→ **WHAT IS EXPECTED**: No pictures go in the copy; retype exactly the lines from the one with "Na segunda-feira (25" through the last line of the records.

Data extracted from a collection
*** Begin section ***

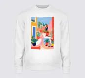 Piante in vaso colorate sono disposte lungo un sentiero tortuoso, su uno sfondo vibrante e astratto di forme geometriche. La composizione presenta varie tonalità di verde, blu, rosa e giallo, creando un'atmosfera vivace e allegra.
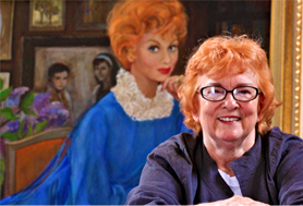 Wanda Clark, Lucille Ball’s former personal secretary, is pictured with a painting of Lucille Ball during one of her visits to Jamestown. Photo courtesy Lucille Ball-Desi Arnaz Museum
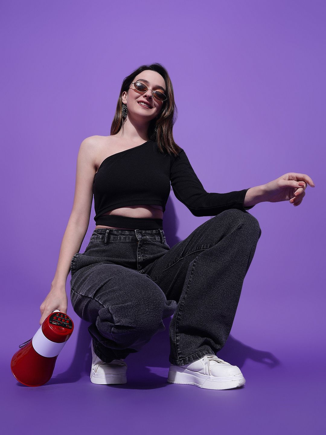 Product Details: Black Top for womenSolidCrop lengthOne shoulderLong sleevesWoven || SIZE & FIT: The model (height 5.8') is wearing a size S || MATERIAL & CARE: PolyesterMachine Wash
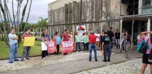 Na segunda-feira (25 de novembro) dirigentes do Sindicato e servidores participaram dos atos unitários convocados pela Frente Sindical Classista. As manifestações ocorreram em frente aos fóruns do judiciário estadual em Santos e na Praia Grande.
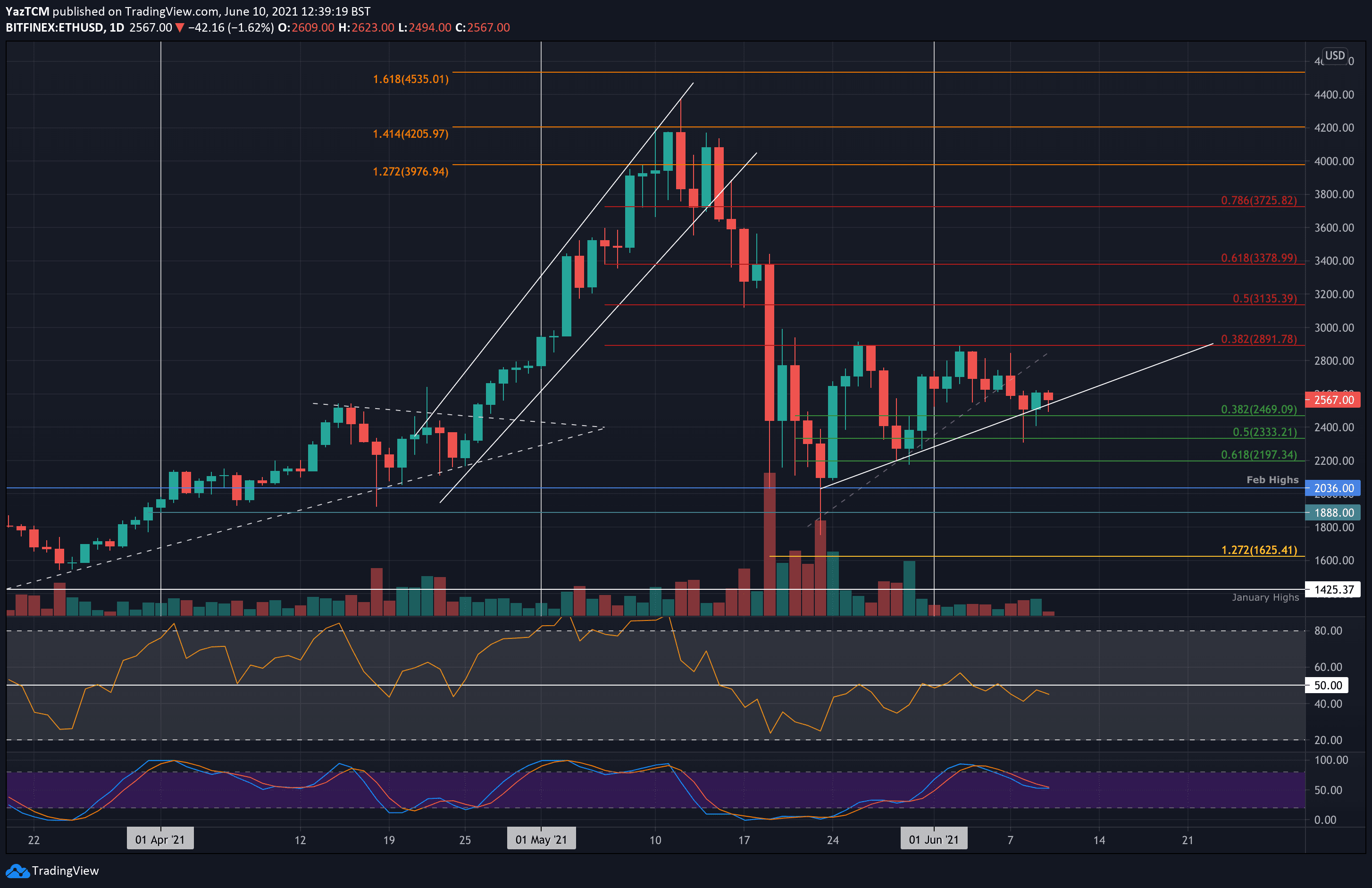 Wichtige Supportstufen: 2470 $, 2330 $, 2200 $.
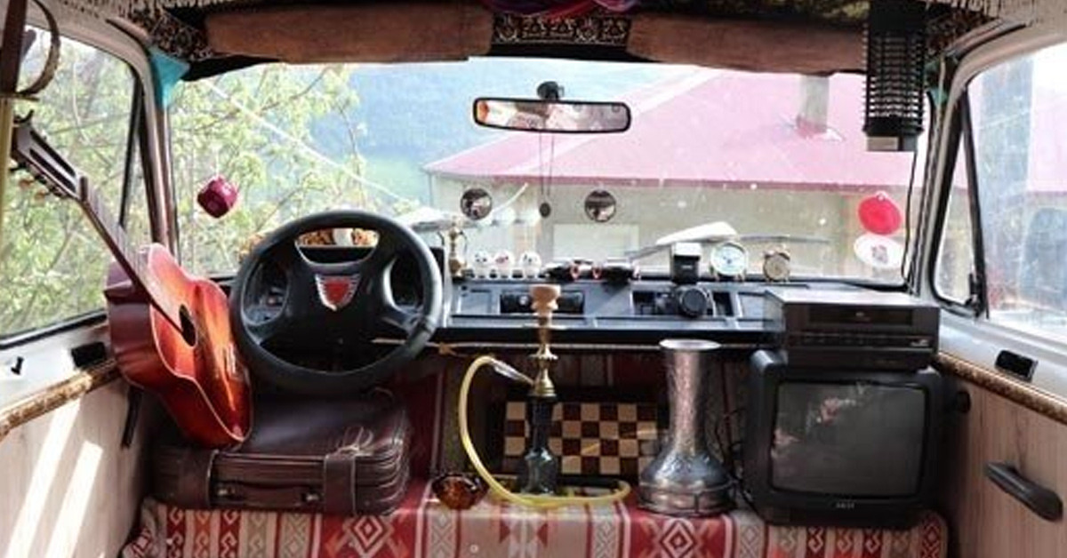 Arabanın içinide vintage eşyalarla düzenleyen genç baba, kızlarına unutulmaz bir alan kurdu.
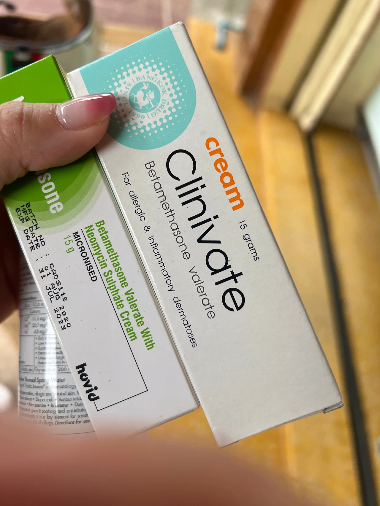 스테로이드 성분이 너무 강하면 얼굴 혈관을 확장시켜 피부를 더 붉게 만들 수 있기 때문에 결국 스테로이드 크림은 사지 않기로 했다. 스테로이드가 아주 극소량만 첨가된 크림을 원했었기에 결국 약국 할머님께서 건네주신 크림 중 엄마가 여드름 용이라고 설명한 연고와 항생제만 구매했다.

*** End section ***

→ **EXERCISE SOLUTION**:
 Na segunda-feira (25 de novembro) dirigentes do Sindicato e servidores participaram dos atos unitários convocados pela Frente Sindical Classista. As manifestações ocorreram em frente aos fóruns do judiciário estadual em Santos e na Praia Grande.
 Wichtige Supportstufen: 2470 $, 2330 $, 2200 $.
 Arabanın içinide vintage eşyalarla düzenleyen genç baba, kızlarına unutulmaz bir alan kurdu.
 스테로이드 성분이 너무 강하면 얼굴 혈관을 확장시켜 피부를 더 붉게 만들 수 있기 때문에 결국 스테로이드 크림은 사지 않기로 했다. 스테로이드가 아주 극소량만 첨가된 크림을 원했었기에 결국 약국 할머님께서 건네주신 크림 중 엄마가 여드름 용이라고 설명한 연고와 항생제만 구매했다.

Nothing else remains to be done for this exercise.